Test A-R53-11 specifically looks for Domains that do not have a transfer lock enabled. A transfer lock is nothing more than an additional step ahead of transferring a domain to ensure a “belt & braces” type confirmation that a domain should definitely be transfered. All a transfer lock requires is that the transfer lock is disabled by an API call or a confirmation in the AWS Web Console ahead of initiating a transfer. However, this simple mechanism provides a few additional features to help protect domains from being stolen, even to insiders.


Concept

In a real life criminal incident, an unauthorised sale of the domain name sofa.com by an employee of Dinesen’s Leather Only, Stephen M. Galstad. The sale amounted to $200,000 and was conducted without the employer’s permission, culminating in legal charges against Galstad. The transaction was executed without proper authorization, with a wire transfer of the sale payment to Galstad’s personal account. Galstad had legitimate access to the domain and was an administrator, however, obviously did not have permission to sell the highly prized domain for personal benefit.

Impact

The unauthorised sale has several impacts to a number of parties:

Expansion

Domains are a key part of an organisation’s identity, intellectual property and service functionality. As domains can be transferred with a few simple emails containing an authorisation code it’s trivial for a motivated insider to complete transfer activity without attracting significant attention. Additionally, as in this case, private market sales can also request that the transfer can be completed without an obvious transaction as the purchasing party is effectively purchasing an authentication code with which they can initiate transfer of the domain.

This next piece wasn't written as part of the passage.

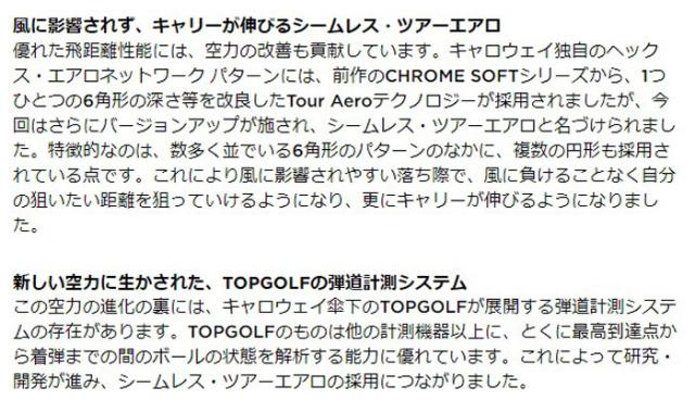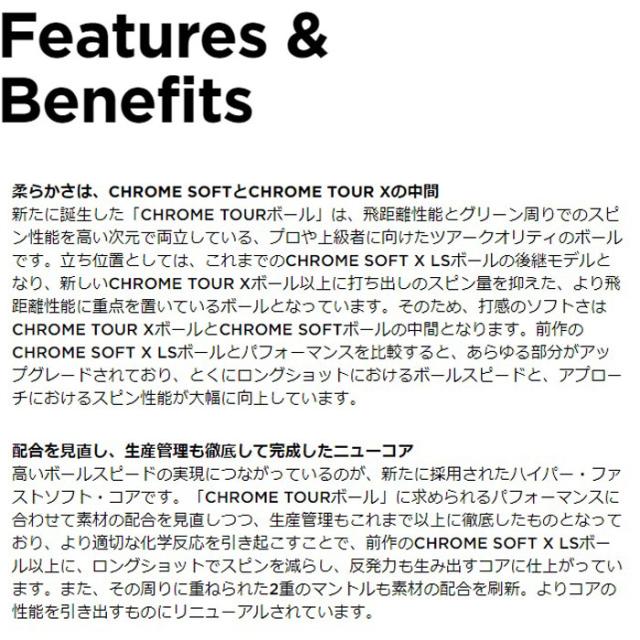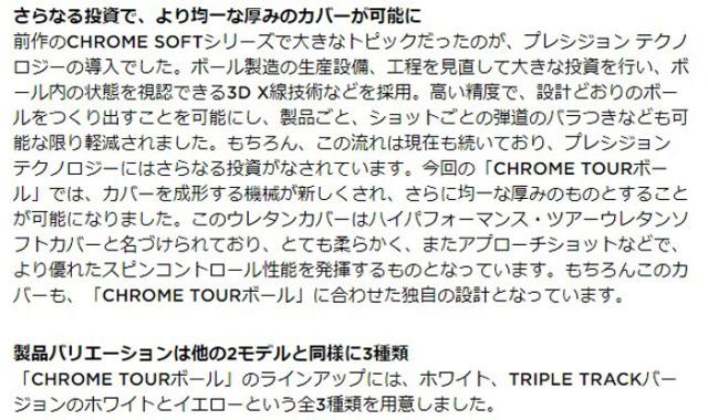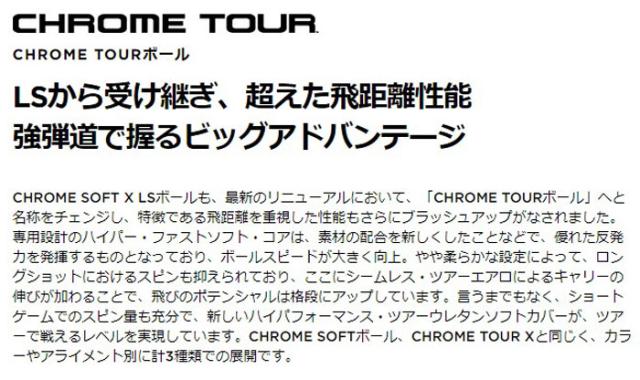 CHROMESOFTXLSボールも、最新のリニューアルにおいて、「CHROMETOURボール」へと名称をチェンジし、特徴である飛距離を重視した性能もさらにブラッシュアップがなされました。

With communications being spread across potentially private emails and transactions it’s possible for an insider to sell domains to third parties privately, obtain the proceeds and escape before the deception can be discovered.

Conclusion

The sofa.com incident serves a great reminder for how critical domains are and how the additional level of gating that transfer locks provide. Domain registrars in the modern day have built further on transfer lock functionality, allowing users to restrict the ability to remove a transfer lock to those with special permissions as well as increased alerting and other visibility to further protect against insider threats.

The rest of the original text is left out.